The Adventures of Pedro and Kevin

During his 25-year career as a cartoonist for NEA, Kreigh Collins was known to recycle certain ideas and elements of his work. As his early-1972 retirement approached, Collins went back to his most successful device, the flashback. 

Most notably, a 1949 flashback in a MITZI McCOY episode led to the creation of KEVIN THE BOLD. Here, a 1971 UP ANCHOR! episode flashes back to KEVIN THE BOLD. It seems Collins wasn’t quite ready to say goodbye to his most famous character.

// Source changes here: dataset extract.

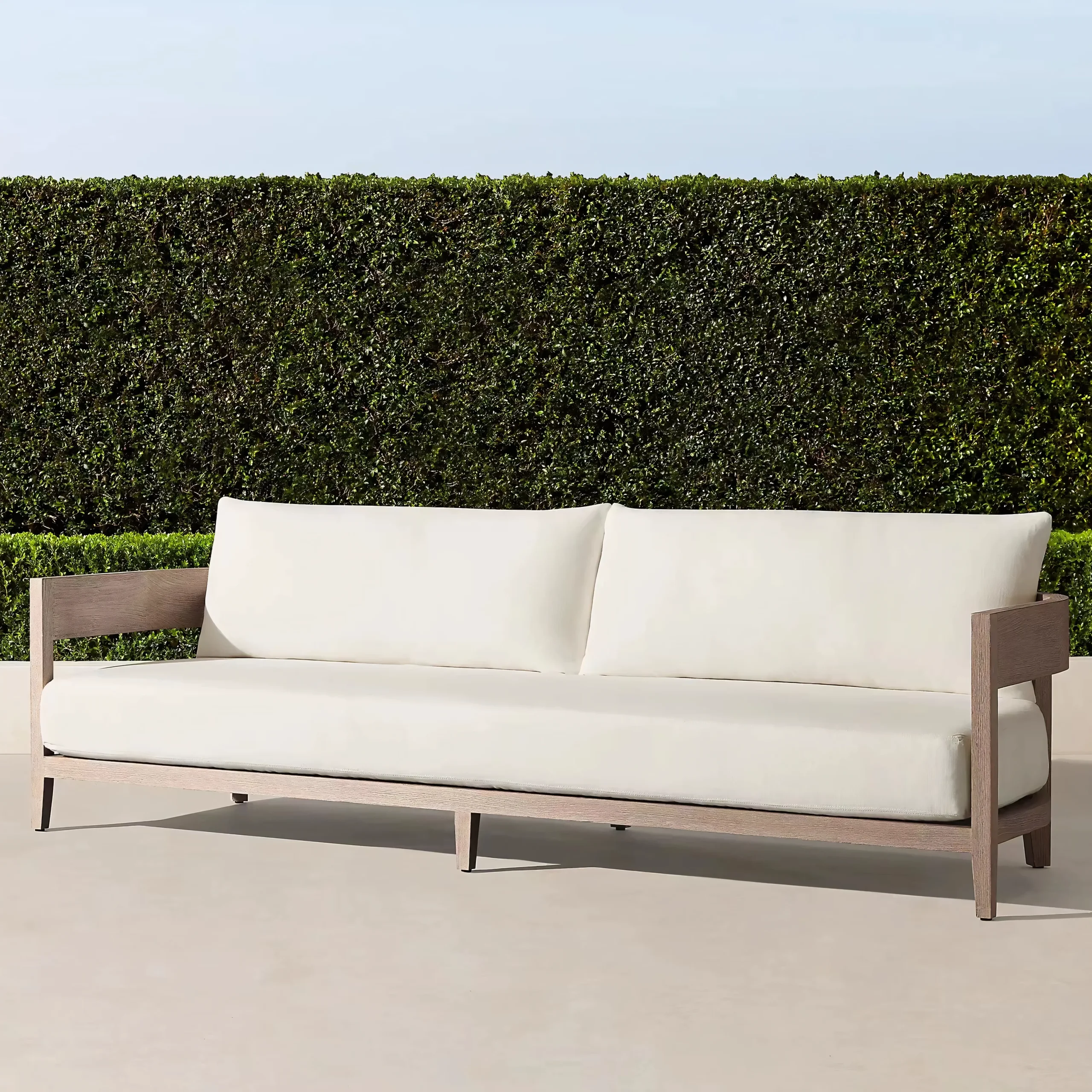 Engineered for the unpredictability of outdoor weather. The cushions feature a high-density "Quick Dry Foam" core that allows water to drain rapidly, preventing mold growth and ensuring the sofa is ready for guests shortly after a downpour.

For this, Collins’ 103th story arc (of 105 total), I only have one color original of its ten episodes. Eight others are represented by photographs of the original artwork, which is held in one of the Grand Rapids Public Library’s Special Collections. The sequence’s first episode comes is a BW image from Newspspers.com, and unfortunately, it is not accompanied by UP ANCHOR!’s topper strip, WATER LORE.

In UP ANCHOR, the protagonist is Kevin Marlin, and Marlin’s buddy is named Pedro. The action flashes back via a book compiled by Pedro’s ancestor (also named Pedro). OG Pedro was best friends with another (bolder) Kevin. (That’s the conceit of the flashback, anyway).

The second panel of the opening episode shows Pedro at a Parisian book stall, with the Cathedral of Notre Dame looming in the background. As a 21-year-old, Kreigh Collins first visited Paris, and among other subjects, he sketched book stalls, and has used these elements in other instances of his career.

To be continued…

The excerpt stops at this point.